La responsabilité politique d’Eric Woerth pourrait être engagée si une faute grave était reconnue, mais il faudrait pour cela que le gouvernement et le Président lui retirent leur confiance.

L’Assemblée Nationale ne pouvant engager la responsabilité du Gouvernement que collectivement, le Président, sur proposition du Premier ministre, est le seul à pourvoir révoquer un Ministre. Autrement dit, si Eric Woerth devait être révoqué et quitter ses fonctions de Ministre, ce serait uniquement sur décision de Nicolas Sarkozy.

Or, le ministre du Travail semble pour l’instant soutenu par la majorité, et particulièrement par Nicolas Sarkozy qui a indiqué maintenir « totalement et complètement » sa confiance à Eric Woerth lors d'une conférence de presse à Huntsville, dans l'Etat canadien de l'Ontario.

 

Dans l'édition du Monde datée de dimanche et lundi, Jean-François Copé, président du groupe UMP à l’Assemblée Nationale, tenait le même langage en disant soutenir « absolument » Eric Woerth.

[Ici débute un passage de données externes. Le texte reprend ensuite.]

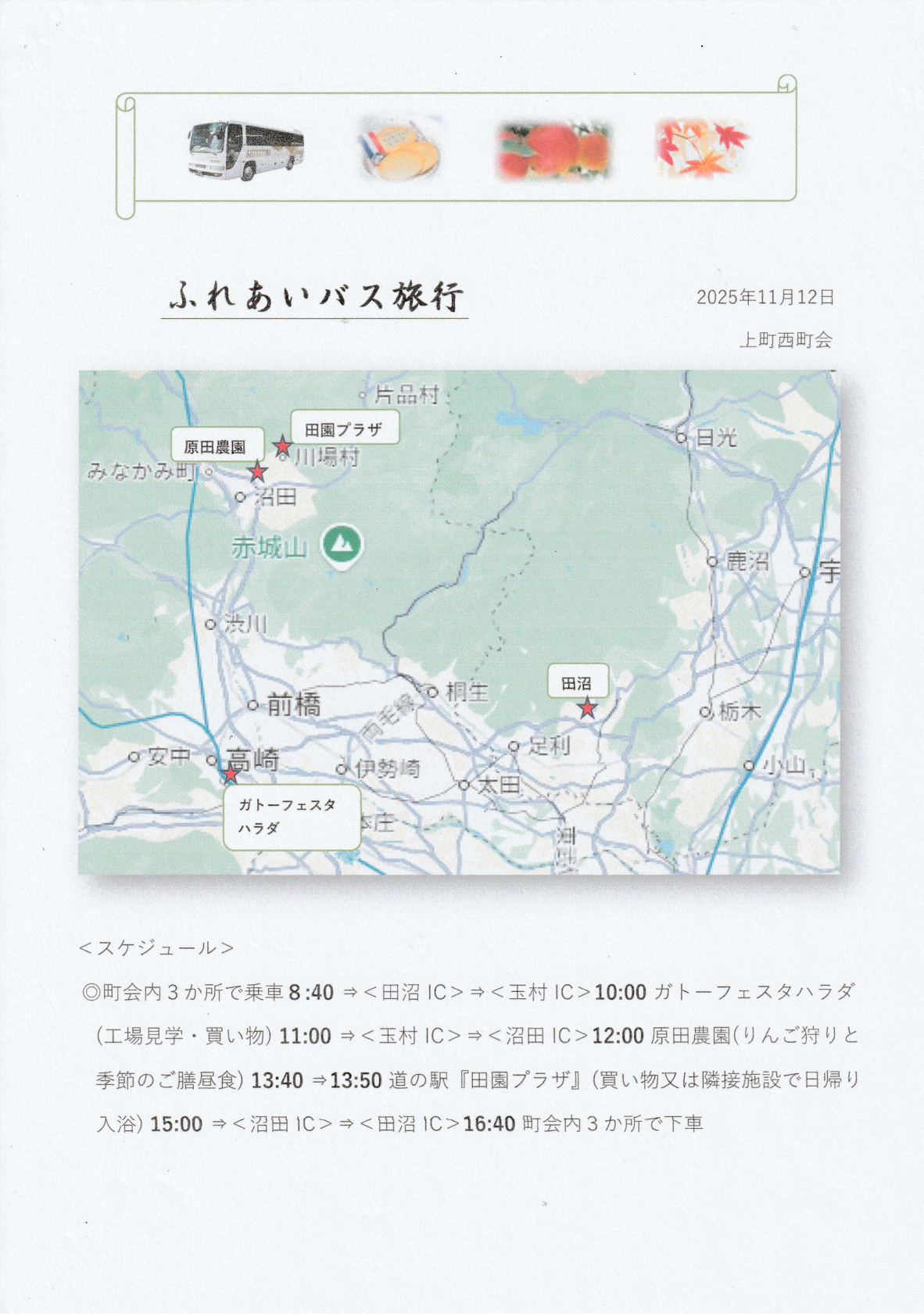 令和7年11月12日 ふれあいバス旅行は、11月12日(水)8時半発、行先は高崎、沼田、川場方面で実施しました。参加者は24名でした。
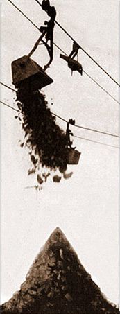 Example of cargo cableway in coal mining. Ropeways were an important means of transportation during the early 1900s.
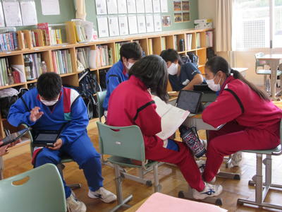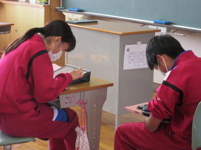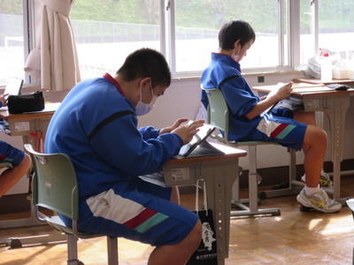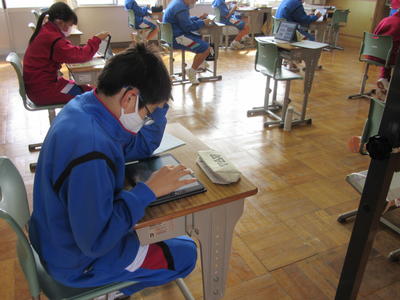 2020年10月16日 17時22分授業参観のために校舎を歩いていると、学級活動の時間に1,2年生がタブレット端末を活用しながら活動を進めていました。1年生は調べ学習で、2年生は文化祭の発表原稿作成をそれぞれタブレット端末を用いながら有効活用している姿が見られました。タブレット端末が生徒1人につき1台ずつ配備されてから様々な場面で活躍する機会が増えてきています。
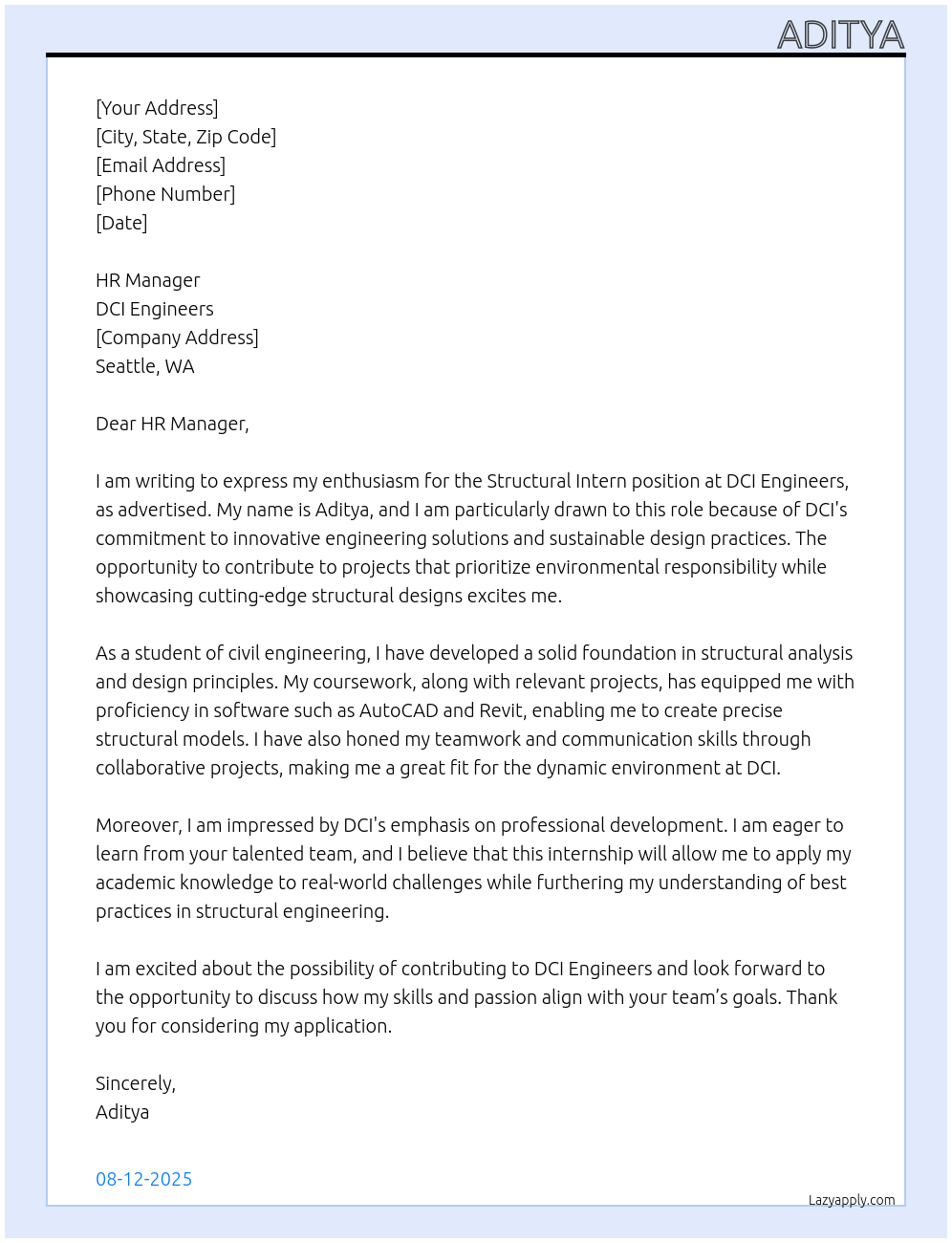 Cover letter for structural intern - LazyApply
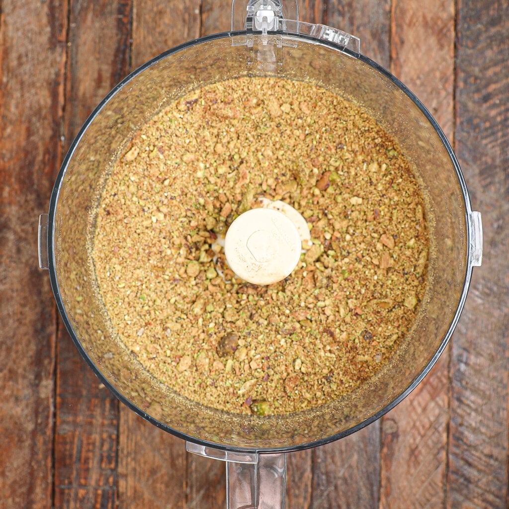 - Blend the pistachios, cinnamon, and nutmeg together until finely ground.
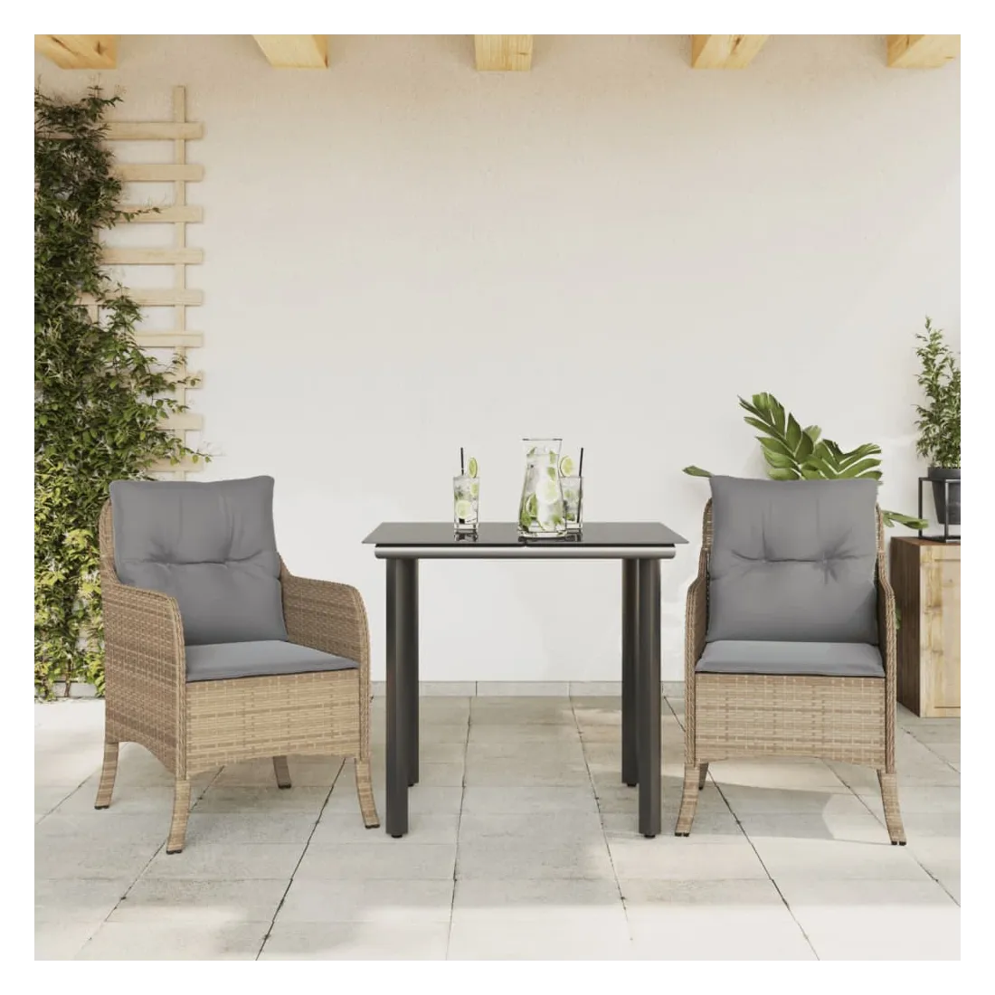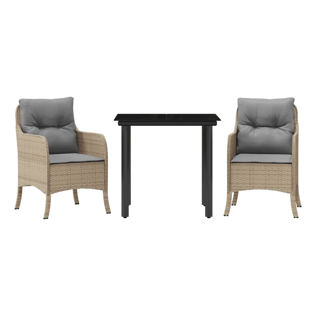 Cet ensemble de salle à manger de jardin est un excellent choix pour les repas en plein air ou pour vous détendre dans le jardin, l'arrière-cour ou le patio. Matériau durable : la résine tressée, également connue sous le nom de poly rotin, est un matériau synthétique solide et nécessitant peu d'entretien qui ressemble au rotin naturel. Il est léger, facile à nettoyer et couramment utilisé pour les meubles d'extérieur en raison de sa durabilité et de ses propriétés de résistance aux intempéries.Expérience d'assise confortable : ce mobilier d'extérieur, doté de coussins épais, offre une expérience d'assise confortable.Housse amovible et lavable : ces coussins de siège sont dotés de housses amovibles pour un lavage et un entretien faciles.Dessus en verre : le dessus de la table d'extérieur est fabriqué en verre trempé solide et durable, ce qui le rend facile à nettoyer avec un chiffon humide et ajoute une touche d'élégance à votre espace extérieur.Cadre robuste et stable : le cadre en acier enduit de poudre assure la solidité et la stabilité du meuble de jardin pour une utilisation quotidienne à l'extérieur. Bon à savoir :Pour que vos meubles d'extérieur restent beaux, nous vous recommandons de les protéger avec une housse imperméable.

Certains responsables de l'UMP reconnaissent cependant que le fait que François Fillon ait dû monter au créneau sur les retraites, vendredi 25 juin dans une conférence de presse à Matignon, « alors que ce n'était pas forcément prévu », est peut-être le signe d’un désaveu politique pour Eric Woerth.

 

Une démission ?

Autre solution, issue de la pratique, Eric Woerth pourrait remettre sa démission sur la demande du Président, comme l’avait fait le gouvernement Rocard en 1991. Une démission qui pourrait être un aveu de culpabilité ou constaterait simplement l’échec d’Eric Woerth à combattre les accusations portées à son encontre, et son impossibilité de continuer à conduire la politique qui lui avait été confiée.

Mais, pour l’heure, le Ministre ne semble pas enclin à se laisser faire : « Je suis une cible politique, on veut ralentir la réforme des retraites » scande Eric Woerth, actuel ministre du Travail.

 

Une responsabilité pénale ?

La responsabilité pénale d’Eric Woerth pourrait également être engagée si les faits qui lui sont reprochés dans le cadre des fraudes fiscales étaient avérés.

En tant que Ministre, les actes commis dans l’exercice de ses fonctions peuvent engager sa responsabilité devant la Cour de Justice de la République sur la requête d’un particulier. Les requêtes sont examinées par une commission composée de magistrats professionnels, et sont ensuite soit classées, soit transmises au procureur général près la Cour de Cassation pour saisir la Cour de justice de la République.

Celle-ci est composée de 12 parlementaires et de trois juges professionnels (magistrats du siège à la Cour de cassation), dont l’un d’eux préside la Cour.

 

Retraites: Woerth, l’embarrassant porte-parole

 

Les révélations du Journal du dimanche tombent au pire moment pour le Ministre, alors que les discussions sur la réforme restent très tendues. Près de 2 millions de manifestants ont participé jeudi 24 juin à la mobilisation contre la réforme des retraites, selon la CFDT et la CGT, et 800 000 selon le ministère de l'Intérieur.

Plusieurs personnalités au sein du gouvernement ont assuré être « à l'écoute » des inquiétudes des organisations syndicales et des manifestants. Tout en refusant néanmoins de modifier les points essentiels du projet.

 

Le mercredi 16 juin 2010, après plusieurs mois de discussion et d’affrontement, notamment sur la problématique de l’âge légal de départ à la retraite, Eric Woerth avait présenté son avant-projet de réforme des retraites. Malgré les critiques virulentes avancées par l’opposition et une partie de la population, le gouvernement ne change pas de cap et présentera, le 13 juillet 2010, son projet finalisé en Conseil des ministres.